Gait speed test: Gait speed tests are simple to use in practice and predict adverse effects associated with sarcopenia.[67] The "4-meter usual walking speed test" is practical and can be used to assess sarcopenia severity.[68][69] The test measures time taken for a patient to travel 4 meters at their usual walking pace. A speed of ≤0.8 m/s may be indicative of severe sarcopenia.[70]
Short physical performance battery (SPPB): The SPPB test is composed of 3 timed tasks: chair stand tests, standing balance, and walking speed. The minimal and maximal achievable scores are 0 (low performance) and 12 (high performance), respectively. A score of ≤8 is an indicator of poor physical performance and may be indicative of greater sarcopenia severity.[1][71]
Timed-up and go test (TUG): The TUG test observes the time taken for a patient to rise from a chair, walk 3 meters away from, and 3 meters back to the chair, terminating the test in a sitting position. Time ≥20 seconds is indicative of physical deficits, though the study used to support this recommendation failed to assess male populations and therefore, may only apply to elderly female populations.[72]
The 400-meter walk test: In the 400-meter walk test, a patient attempts to walk in a series of 20, 20-meter laps as quickly as possible, with a maximum of 2 minutes rest between each lap. The inability to complete or requiring ≥6 min to complete the entire 400-meters is concerning and may suggest greater sarcopenia severity.[1][73]

Treatment / Management

Physical activity, particularly resistance training, effectively attenuates muscle loss and improves strength in sarcopenia, providing a means of both preventing and managing the condition.[74][75] Additionally, increasing total protein intake through supplementation or food sources can help prevent and manage sarcopenia. Specifically, consuming 20-35 grams of protein per meal is advised, as such amounts provide sufficient amino acid content to maximize MPS, thus minimizing age-related muscle loss.[76] Additionally, patients with sarcopenia are recommended to consume 1.0 - 1.2 g/kg (body weight)/day.[77] Furthermore, the greatest effects are observed when resistance training and high protein diets are combined and appear to act synergistically.[78]

Differential Diagnosis

Considering the high probability that sarcopenia may co-exist with the below conditions and considering the overlap between conditions, an accurate differential diagnosis may be difficult.

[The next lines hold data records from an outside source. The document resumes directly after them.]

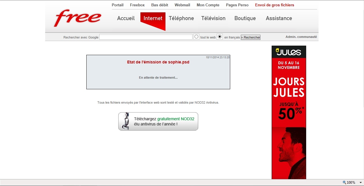 - NE FERMER PAS votre navigateur (IE/Chrome/FireFox…) tant que la barre mauve n’est pas complète et obtenir cette fenêtre :
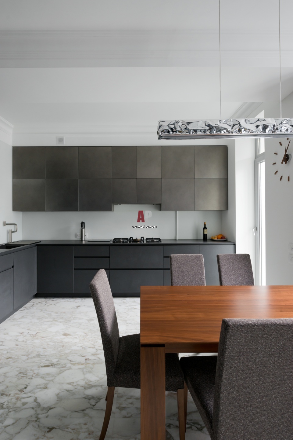 Интерьер кухни-столовой. Светильник, Eichholtz. Кухня, Modulnova. Обеденный стол и стулья, Calligaris.
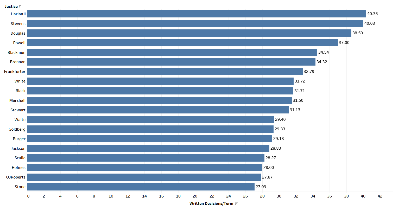 This is, however, the most promising graph for the current Court’s production. Justice Stevens, the second most productive justice by this metric, sat on the Roberts Court from 2005 through 2010. Justice Scalia, also a member of the Roberts Court for several years, is on this graph as well. The other 18 of the top 20 most productive justices based on written opinions per term, however, did not sit on the Roberts Court.
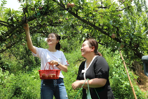 7月19日,浙江省紹興市、嵊州市郵政分公司兩級郵政惠農電商團隊把直播間搬到了嵊州市金庭鎮青山頭村桃形李基地,通過直播帶貨的方式,幫助當地桃形李種植戶開展“線上直播+線下團購”銷售。當天,累計銷售桃形李2000多單,銷售量超過5000公斤。今年以來,嵊州市分公司克服疫情影響,積極為當地農民合作社提供“直播+寄遞+電商”多維度服務,助力當地農產品銷售。圖為郵政工作人員與當地專業合作社負責人一起在做桃形李采摘的直播。□俞勁松 王剛 攝影報道

Frailty: While sarcopenia and frailty present with significant overlap of symptoms, they remain distinguishable. Frailty is defined as multi-system impairment and encompasses a broader range of dysfunction than sarcopenia, whereas sarcopenia mainly includes the musculoskeletal system. One condition may contribute directly to the other, as they often co-exist in elderly patients.[79][80]
Malnutrition: Both malnutrition and sarcopenia present with low muscle mass, though sarcopenia more often presents with the additional loss of function. Additionally, as a function of caloric restriction, reduced fat mass is observed in patients with malnutrition – this is often not the case with sarcopenia. Functional tests for strength and performance may be administered to rule out malnutrition.[1]
Cachexia: Cachexia is thought to have a more complex etiology than sarcopenia. Cachexia is described as severe weight loss and muscle-wasting associated with conditions such as HIV, cancer, and end-stage organ failure. While cachexia and sarcopenia may co-exist, a patient with severe muscle wasting diseases such as HIV or cancer is more likely to have cachexia. [81] Additionally, the Glasgow prognostic score can be utilized to distinguish the two conditions.[82]
Osteoarthritis of the hand: Patients with osteoarthritis of the hand may elicit a false positive test when performing the handgrip strength test. In cases where severe osteoarthritis is suspected, patients may perform methods to measure isometric torque of the lower limb to more accurately assess or rule out sarcopenia.[1][83]

Prognosis

The prognosis of sarcopenia largely depends on age, comorbidities, falls, and fractures. Additionally, patients who have sarcopenia undergoing surgical procedures have less favorable outcomes than those without sarcopenia. These include an increased risk of postoperative complications, falls, LOS, fractures, and greater morbidity and mortality. Ultimately, the prognosis of sarcopenia alone is uncertain and not well studied, though consistent evidence demonstrates sarcopenia as an indicator of poor prognosis in several medical conditions and surgical procedures.[84]

Complications

Fall, fracture, and nosocomial infection risk in the elderly: In a meta-analysis of 33 studies encompassing 45,926 patients, Yeung et al. found that sarcopenia significantly increases both fall and fracture risk in the elderly.[8] Additionally, sarcopenia increases the risk of nosocomial infection in elderly populations.[85]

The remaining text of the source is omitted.